RECORD EXTRACTS
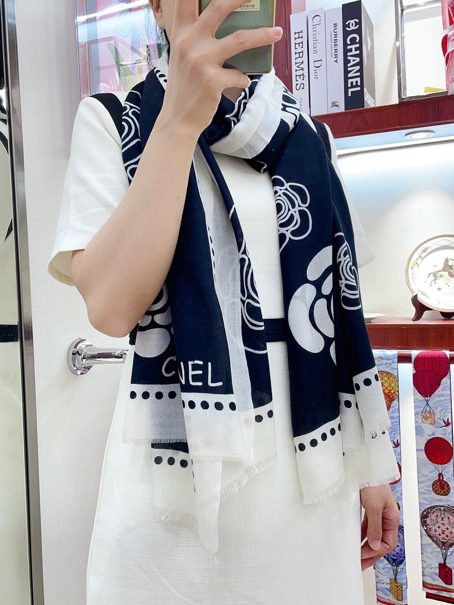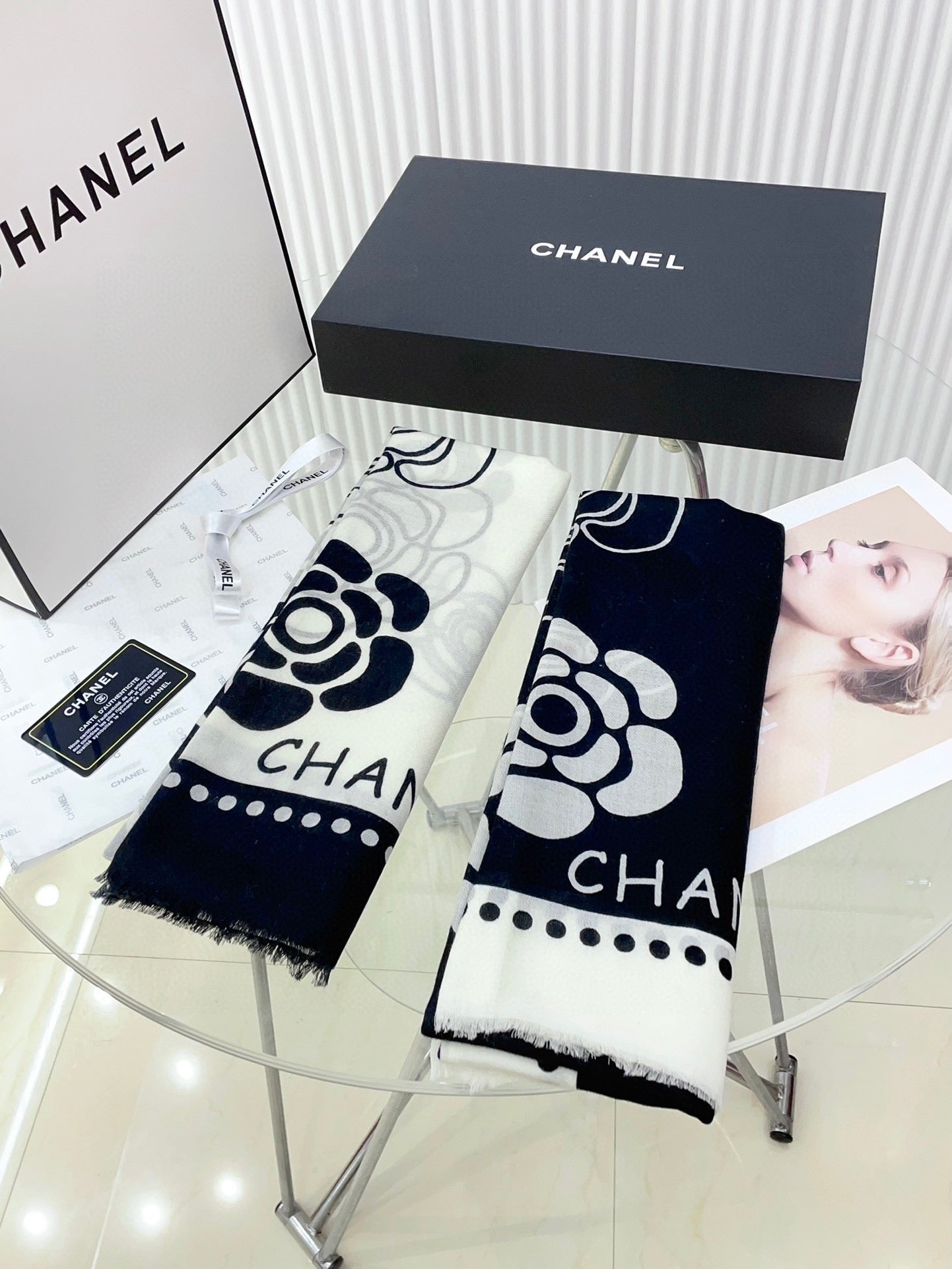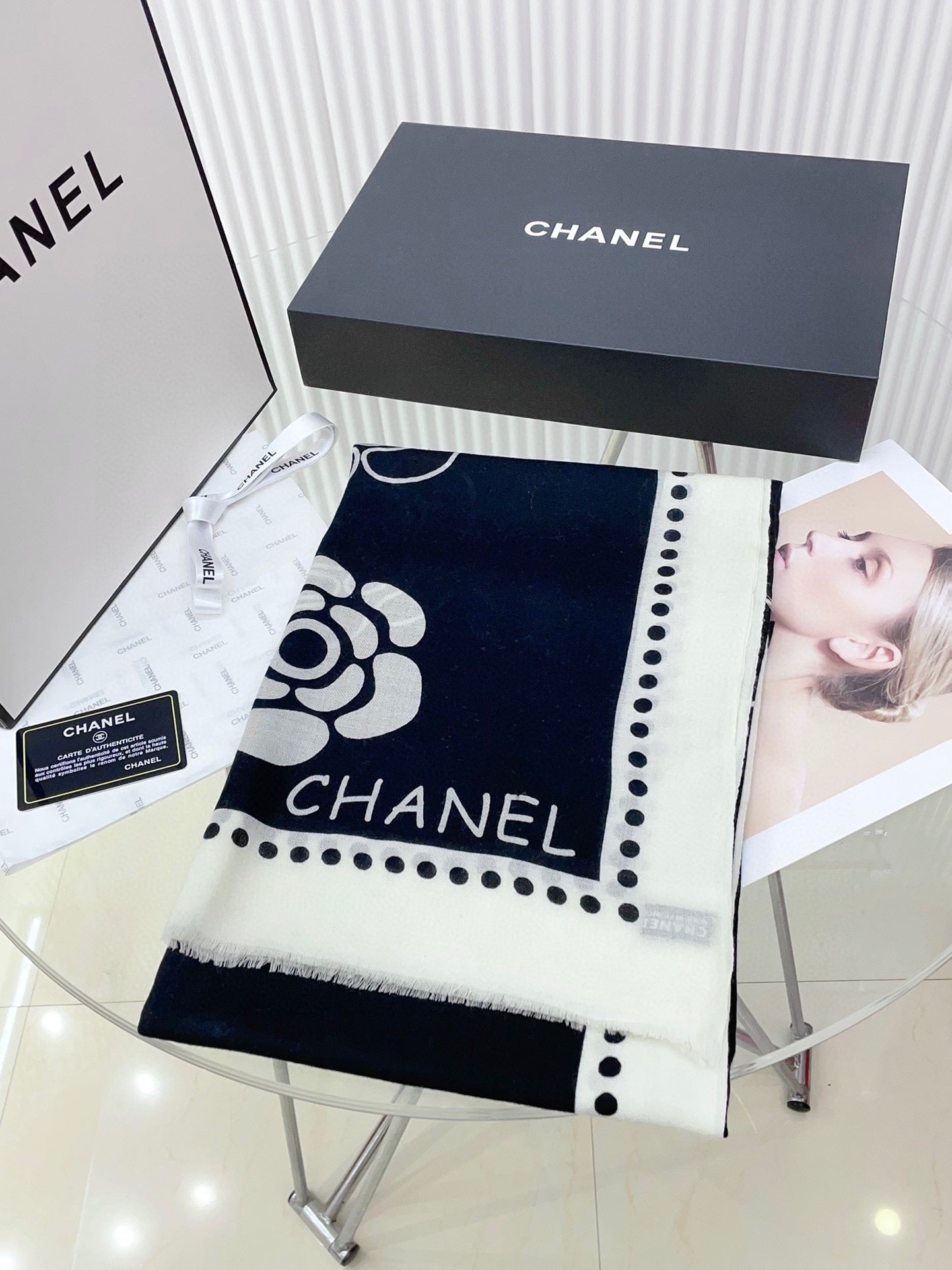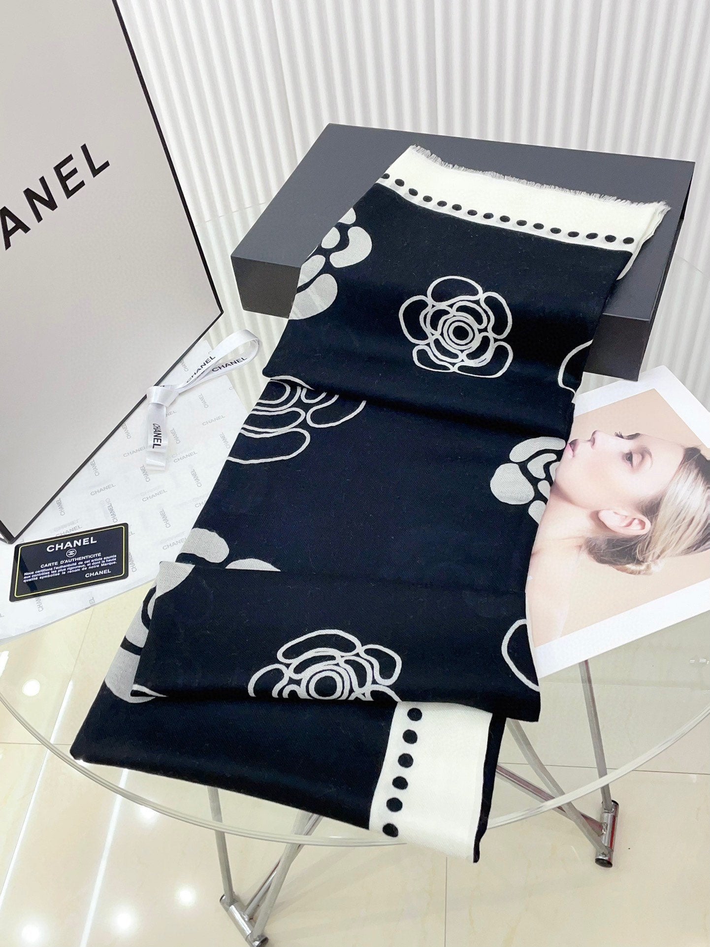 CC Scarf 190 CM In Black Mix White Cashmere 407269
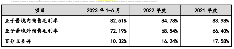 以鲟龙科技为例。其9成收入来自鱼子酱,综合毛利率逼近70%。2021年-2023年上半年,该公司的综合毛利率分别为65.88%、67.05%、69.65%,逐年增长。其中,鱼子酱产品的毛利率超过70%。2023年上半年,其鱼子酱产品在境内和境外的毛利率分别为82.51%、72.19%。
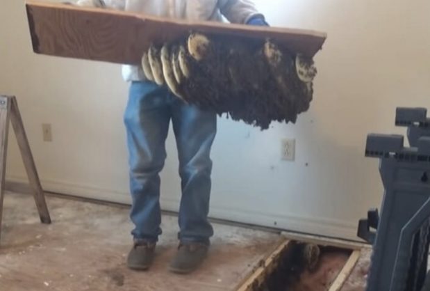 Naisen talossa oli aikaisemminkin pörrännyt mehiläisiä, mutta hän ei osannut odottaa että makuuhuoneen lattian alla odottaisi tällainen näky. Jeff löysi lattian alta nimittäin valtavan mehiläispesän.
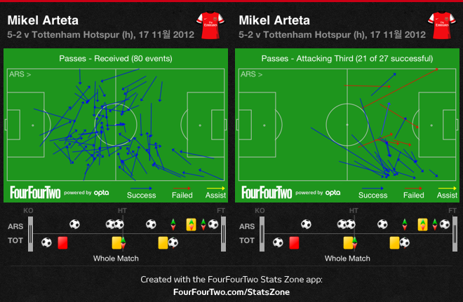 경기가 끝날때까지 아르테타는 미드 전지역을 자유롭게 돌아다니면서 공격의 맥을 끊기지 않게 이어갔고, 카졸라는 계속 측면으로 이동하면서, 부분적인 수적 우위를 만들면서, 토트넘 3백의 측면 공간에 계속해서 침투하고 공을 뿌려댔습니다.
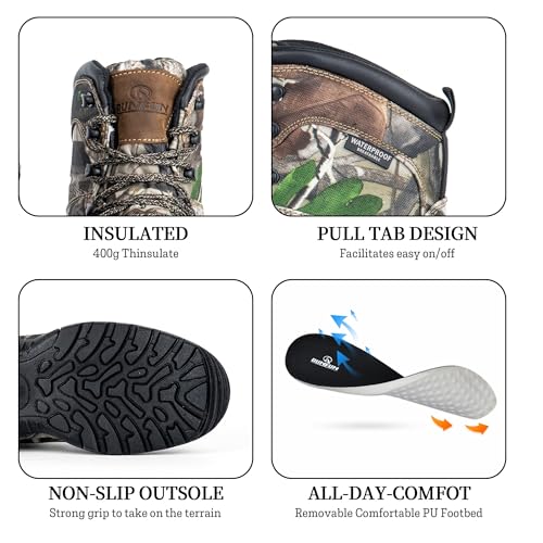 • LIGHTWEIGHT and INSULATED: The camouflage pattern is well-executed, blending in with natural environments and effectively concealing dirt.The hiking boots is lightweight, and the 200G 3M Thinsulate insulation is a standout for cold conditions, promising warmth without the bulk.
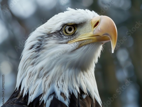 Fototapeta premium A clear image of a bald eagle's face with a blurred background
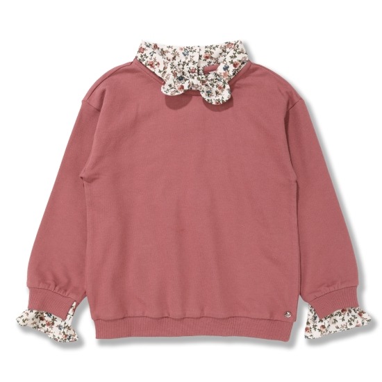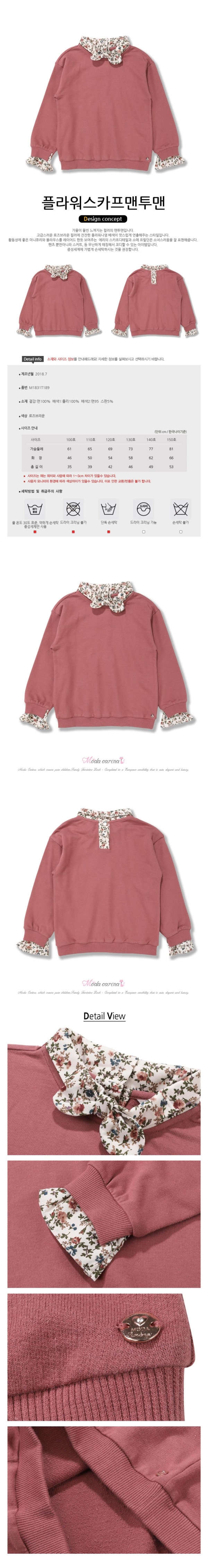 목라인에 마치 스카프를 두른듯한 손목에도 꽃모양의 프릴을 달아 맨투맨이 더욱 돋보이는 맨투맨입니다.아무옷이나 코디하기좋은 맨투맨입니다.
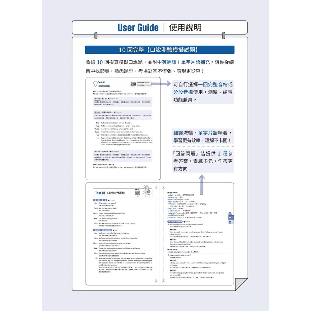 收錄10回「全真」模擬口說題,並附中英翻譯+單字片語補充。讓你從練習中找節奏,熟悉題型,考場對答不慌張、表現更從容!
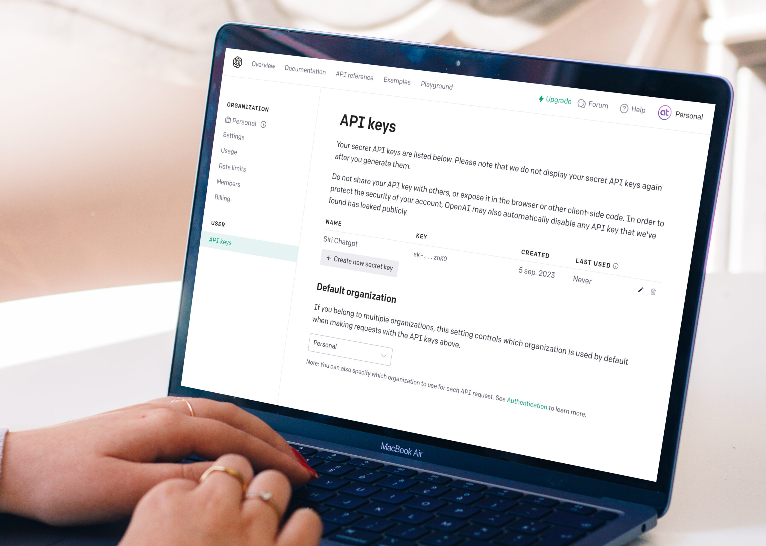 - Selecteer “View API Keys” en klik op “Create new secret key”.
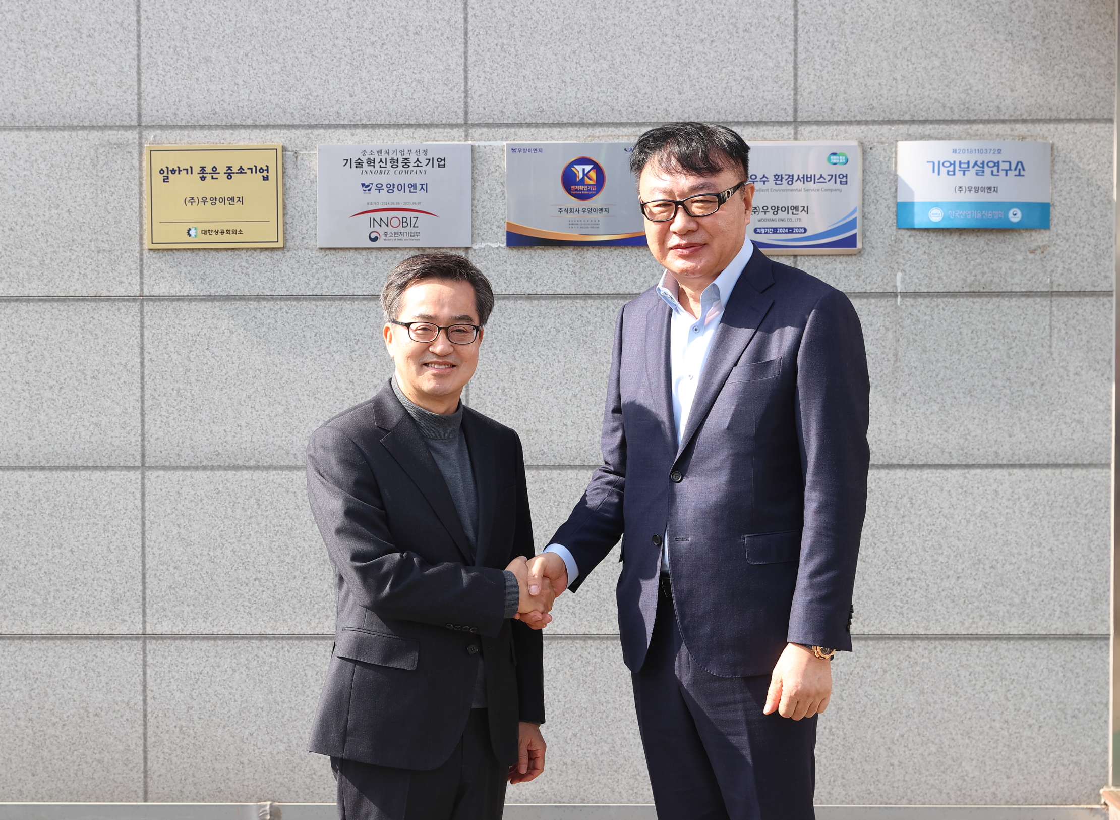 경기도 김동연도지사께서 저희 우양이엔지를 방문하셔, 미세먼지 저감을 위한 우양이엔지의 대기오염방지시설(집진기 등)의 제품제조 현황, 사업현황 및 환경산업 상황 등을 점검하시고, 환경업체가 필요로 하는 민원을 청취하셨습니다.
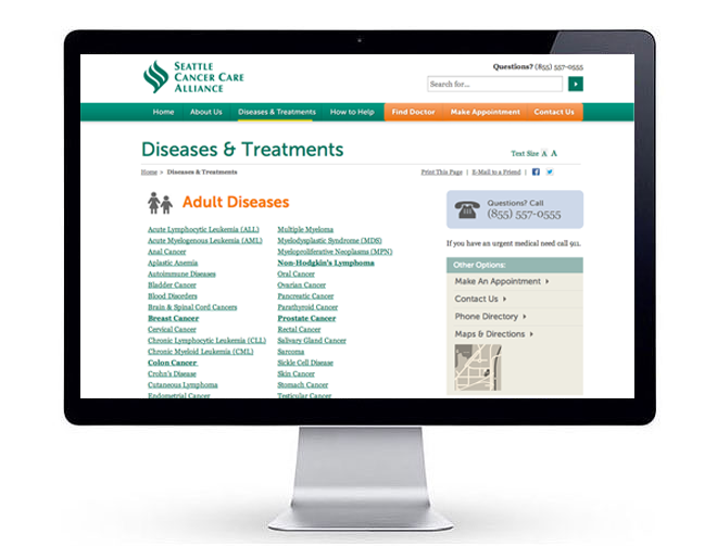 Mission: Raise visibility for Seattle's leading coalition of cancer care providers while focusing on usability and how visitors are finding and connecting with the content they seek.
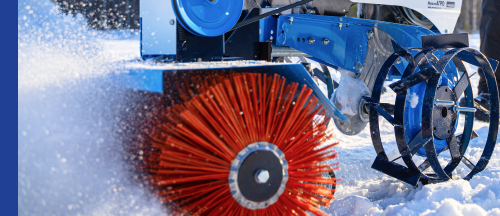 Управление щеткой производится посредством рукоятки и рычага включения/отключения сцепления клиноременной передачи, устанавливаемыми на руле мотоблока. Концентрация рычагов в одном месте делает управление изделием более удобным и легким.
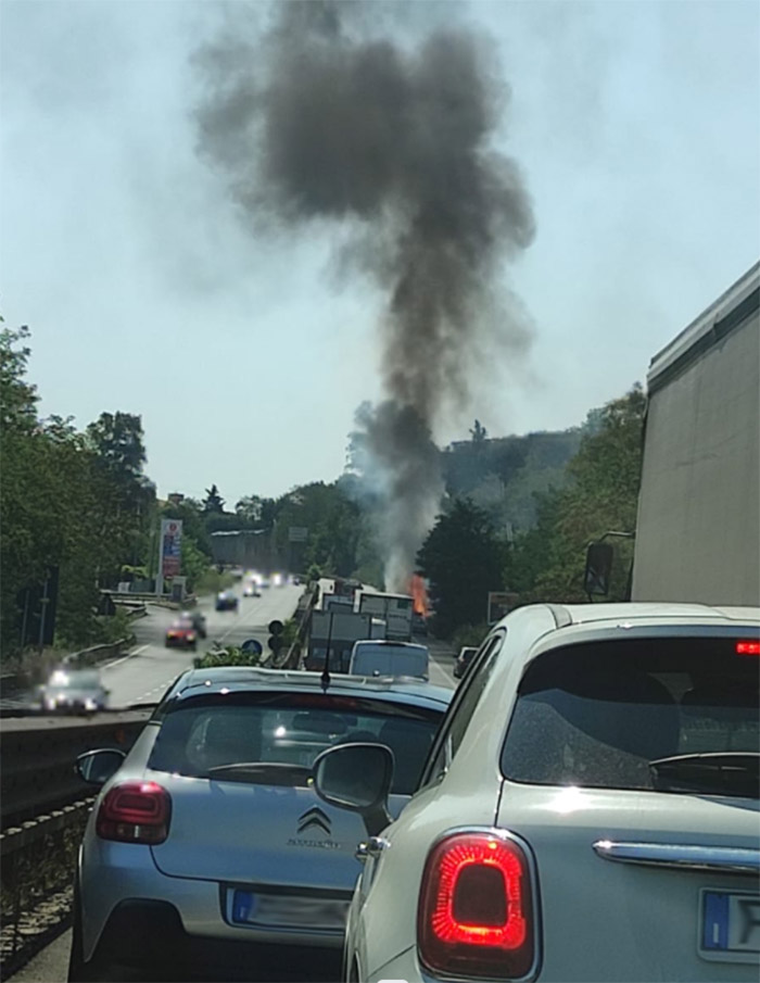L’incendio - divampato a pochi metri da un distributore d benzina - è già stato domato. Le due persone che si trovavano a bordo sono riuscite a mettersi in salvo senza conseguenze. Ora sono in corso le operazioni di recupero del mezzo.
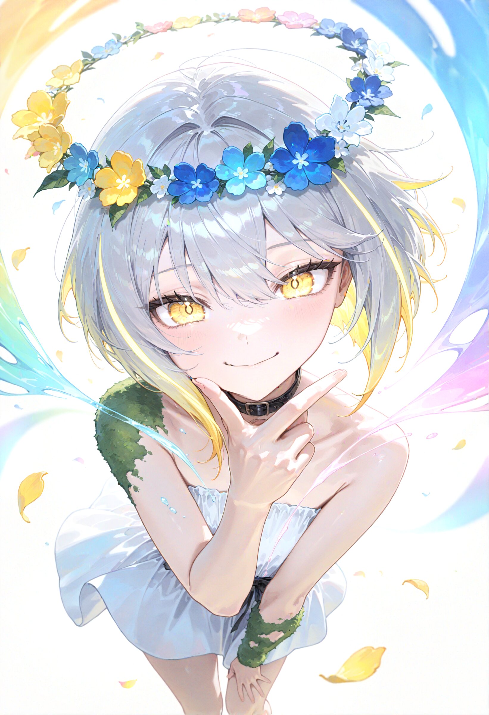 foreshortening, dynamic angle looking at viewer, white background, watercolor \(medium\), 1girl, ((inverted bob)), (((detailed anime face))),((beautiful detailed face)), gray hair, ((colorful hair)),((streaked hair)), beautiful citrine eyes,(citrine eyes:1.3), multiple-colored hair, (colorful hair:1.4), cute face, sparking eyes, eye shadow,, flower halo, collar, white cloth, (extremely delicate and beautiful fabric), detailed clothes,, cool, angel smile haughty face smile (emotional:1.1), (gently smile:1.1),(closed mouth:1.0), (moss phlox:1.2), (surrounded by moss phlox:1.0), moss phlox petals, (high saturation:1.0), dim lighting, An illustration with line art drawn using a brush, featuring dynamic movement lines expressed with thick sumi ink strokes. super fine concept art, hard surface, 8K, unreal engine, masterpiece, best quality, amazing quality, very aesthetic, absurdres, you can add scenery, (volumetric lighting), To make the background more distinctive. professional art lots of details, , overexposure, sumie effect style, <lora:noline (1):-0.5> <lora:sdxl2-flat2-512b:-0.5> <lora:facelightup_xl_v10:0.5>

EXERCISE OBJECTIVE
Write out all the material above exactly, with no image carried over.

SOLUTION FOR THIS EXERCISE
 CC Scarf 190 CM In Black Mix White Cashmere 407269
 以鲟龙科技为例。其9成收入来自鱼子酱,综合毛利率逼近70%。2021年-2023年上半年,该公司的综合毛利率分别为65.88%、67.05%、69.65%,逐年增长。其中,鱼子酱产品的毛利率超过70%。2023年上半年,其鱼子酱产品在境内和境外的毛利率分别为82.51%、72.19%。
 Naisen talossa oli aikaisemminkin pörrännyt mehiläisiä, mutta hän ei osannut odottaa että makuuhuoneen lattian alla odottaisi tällainen näky. Jeff löysi lattian alta nimittäin valtavan mehiläispesän.
 경기가 끝날때까지 아르테타는 미드 전지역을 자유롭게 돌아다니면서 공격의 맥을 끊기지 않게 이어갔고, 카졸라는 계속 측면으로 이동하면서, 부분적인 수적 우위를 만들면서, 토트넘 3백의 측면 공간에 계속해서 침투하고 공을 뿌려댔습니다.
 • LIGHTWEIGHT and INSULATED: The camouflage pattern is well-executed, blending in with natural environments and effectively concealing dirt.The hiking boots is lightweight, and the 200G 3M Thinsulate insulation is a standout for cold conditions, promising warmth without the bulk.
 Fototapeta premium A clear image of a bald eagle's face with a blurred background
 목라인에 마치 스카프를 두른듯한 손목에도 꽃모양의 프릴을 달아 맨투맨이 더욱 돋보이는 맨투맨입니다.아무옷이나 코디하기좋은 맨투맨입니다.
 收錄10回「全真」模擬口說題,並附中英翻譯+單字片語補充。讓你從練習中找節奏,熟悉題型,考場對答不慌張、表現更從容!
 - Selecteer “View API Keys” en klik op “Create new secret key”.
 경기도 김동연도지사께서 저희 우양이엔지를 방문하셔, 미세먼지 저감을 위한 우양이엔지의 대기오염방지시설(집진기 등)의 제품제조 현황, 사업현황 및 환경산업 상황 등을 점검하시고, 환경업체가 필요로 하는 민원을 청취하셨습니다.
 Mission: Raise visibility for Seattle's leading coalition of cancer care providers while focusing on usability and how visitors are finding and connecting with the content they seek.
 Управление щеткой производится посредством рукоятки и рычага включения/отключения сцепления клиноременной передачи, устанавливаемыми на руле мотоблока. Концентрация рычагов в одном месте делает управление изделием более удобным и легким.
L’incendio - divampato a pochi metri da un distributore d benzina - è già stato domato. Le due persone che si trovavano a bordo sono riuscite a mettersi in salvo senza conseguenze. Ora sono in corso le operazioni di recupero del mezzo.
 foreshortening, dynamic angle looking at viewer, white background, watercolor \(medium\), 1girl, ((inverted bob)), (((detailed anime face))),((beautiful detailed face)), gray hair, ((colorful hair)),((streaked hair)), beautiful citrine eyes,(citrine eyes:1.3), multiple-colored hair, (colorful hair:1.4), cute face, sparking eyes, eye shadow,, flower halo, collar, white cloth, (extremely delicate and beautiful fabric), detailed clothes,, cool, angel smile haughty face smile (emotional:1.1), (gently smile:1.1),(closed mouth:1.0), (moss phlox:1.2), (surrounded by moss phlox:1.0), moss phlox petals, (high saturation:1.0), dim lighting, An illustration with line art drawn using a brush, featuring dynamic movement lines expressed with thick sumi ink strokes. super fine concept art, hard surface, 8K, unreal engine, masterpiece, best quality, amazing quality, very aesthetic, absurdres, you can add scenery, (volumetric lighting), To make the background more distinctive. professional art lots of details, , overexposure, sumie effect style, <lora:noline (1):-0.5> <lora:sdxl2-flat2-512b:-0.5> <lora:facelightup_xl_v10:0.5>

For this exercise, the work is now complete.